Çay, yağ, makyaj, çikolata lekeleri… Gün içinde fark etmeden üzerinize bulaşan lekeler artık kâbus olmaktan çıkıyor. Siemens iQ500 çamaşır makinesi ile stainRemoval teknolojisi devreye giriyor. Tek bir dokunuşla çay, yağ, kozmetik veya günlük hayatta karşılaştığınız diğer zor lekeler için özel programları aktif edebilirsiniz. 

Siemens Home Connect uygulaması sayesinde daha fazla leke türünü ve bunlar için geliştirilmiş özel programları keşfetmek de mümkün. Yani sadece “lekeyi çıkar” demekle kalmıyor, sizin için en doğru yıkama programını da otomatik olarak öneriyor. Böylece hem lekelerle uğraşmak zorunda kalmıyor hem de giysilerinizin ömrünü koruyorsunuz. 

Artık çocuğunuza yemek yedirirken dökülen yemek lekeleri, kahve kazaları ya da mutfakta sıçrayan yağ lekeleri sizi endişelendirmiyor. stainRemoval, günlük hayatın getirdiği küçük sürprizlere karşı en güvenilir yardımcınız oluyor. 

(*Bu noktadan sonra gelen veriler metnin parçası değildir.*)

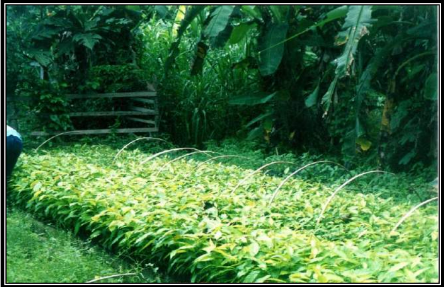
Gambar 2.4. Bibit mahoni di persemaian milik masyarakat di Kebon Agung Samarinda.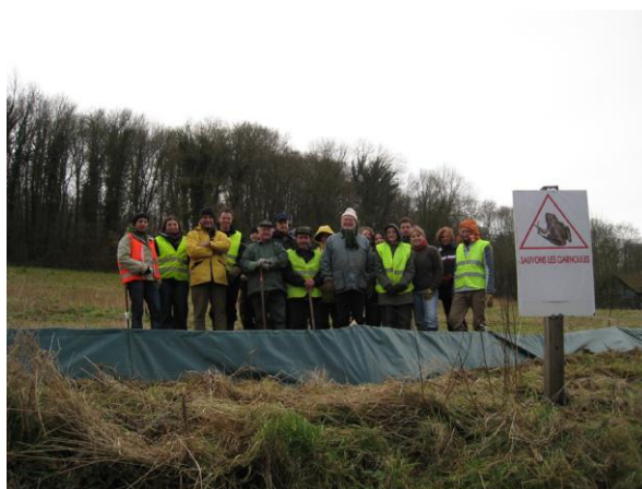
Photo : Dispositif bâche plastique de Ligny-sur-Canche – les membres de l'équipe portent des gilets fluo – Opération Fréquence Grenouille 2009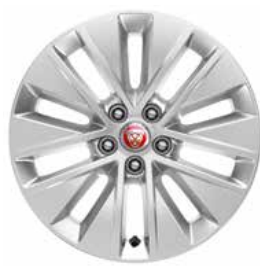
JANTES 17'' 10 BRANCHES 'STYLE 1037'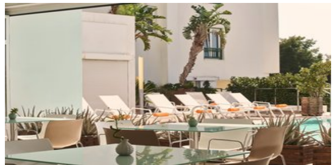
Ein Teil des Oxygen Favie Suzanne Hotels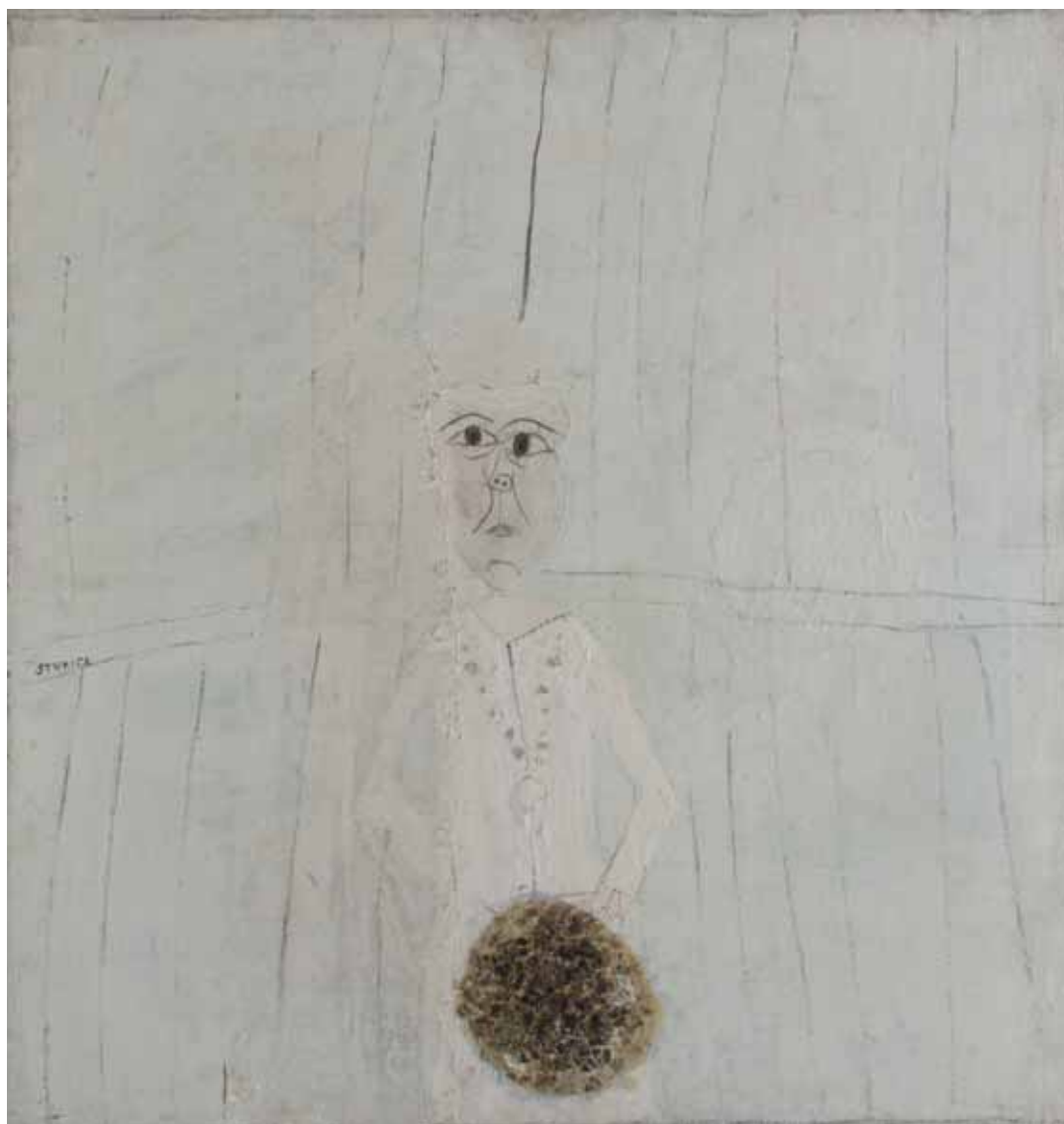
DEKLICA S PAJČOLANOM, 1961 tempera / platno 77 x 74 cm sign. ob l. robu v sr.: STUPICA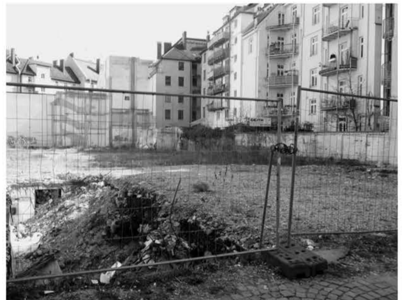
Franziskanerstraße 15/Rablstraße 43: Die Firma „Euroboden“ hat am 11. August 2023 Insolvenz angemeldet. Seitdem liegt der Baugrund brach. Dem Vernehmen nach hat auch das Kommunalreferat für die Stadt München ein Kaufgesuch abgegeben. Der Insolvenzverwalter „Müller-Heydenreich, Bierbach & Kollegen“ berücksichtigte es nicht und sucht weiter solvente Käufer.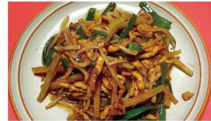
秦野ジビエを堪能！鹿肉の旨味凝縮、絶品青椒肉絲。

本場の味を大切にした本格中華を秦野市で気軽に楽しめる「チャイナガーデン」。豊富なメニューと上品な味付けの料理は、家族連れからお一人様まで大満足！落ち着いた店内で心もお腹も満たされるひとときを。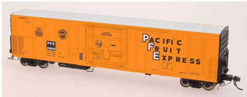
Intermountain HO R-70-20 Reefer Pacific Fruit Express - Late Roof & Keystone Cushion Underframe div Ausführungen Euro 27,90

Siemens iQ500 çamaşır ve kurutma makineleri, artık sadece kıyafetlerinizi temizleyen makineler değil; size zaman, konfor ve güven veren akıllı iş ortaklarınızdır. Ütüye harcadığınız vakti kendinize ayırın, lekelerle uğraşmayı unutun ve teknolojinin yaşam alanınıza uyumunun keyfini yaşayın.

*Bu yazı Siemens’in katkılarıyla hazırlanmıştır.